Task input:
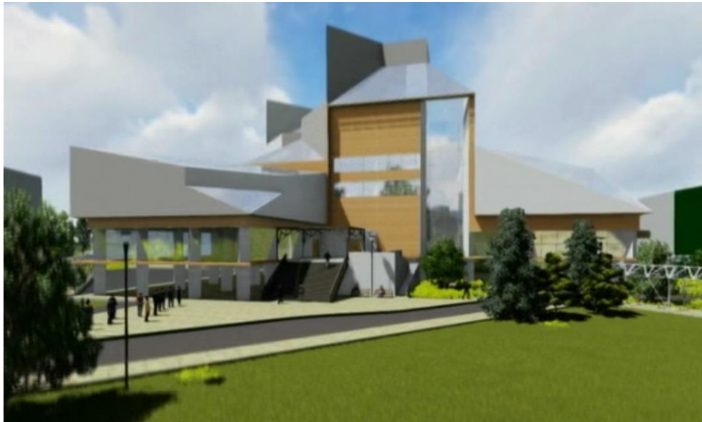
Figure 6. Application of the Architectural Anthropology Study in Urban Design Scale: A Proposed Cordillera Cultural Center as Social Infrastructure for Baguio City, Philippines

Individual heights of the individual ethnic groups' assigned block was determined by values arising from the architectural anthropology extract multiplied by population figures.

---

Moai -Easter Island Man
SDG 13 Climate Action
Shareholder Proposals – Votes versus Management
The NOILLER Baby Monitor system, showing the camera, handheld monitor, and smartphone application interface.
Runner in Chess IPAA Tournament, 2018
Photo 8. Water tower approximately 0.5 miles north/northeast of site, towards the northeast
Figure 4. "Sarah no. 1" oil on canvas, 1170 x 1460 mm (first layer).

Exercise aim:
Among the entries above, locate the lines containing "Photo 8. Water" and "mm (first layer).", and transcribe exactly those two lines and all lines between.

Answer space:
Photo 8. Water tower approximately 0.5 miles north/northeast of site, towards the northeast
Figure 4. "Sarah no. 1" oil on canvas, 1170 x 1460 mm (first layer).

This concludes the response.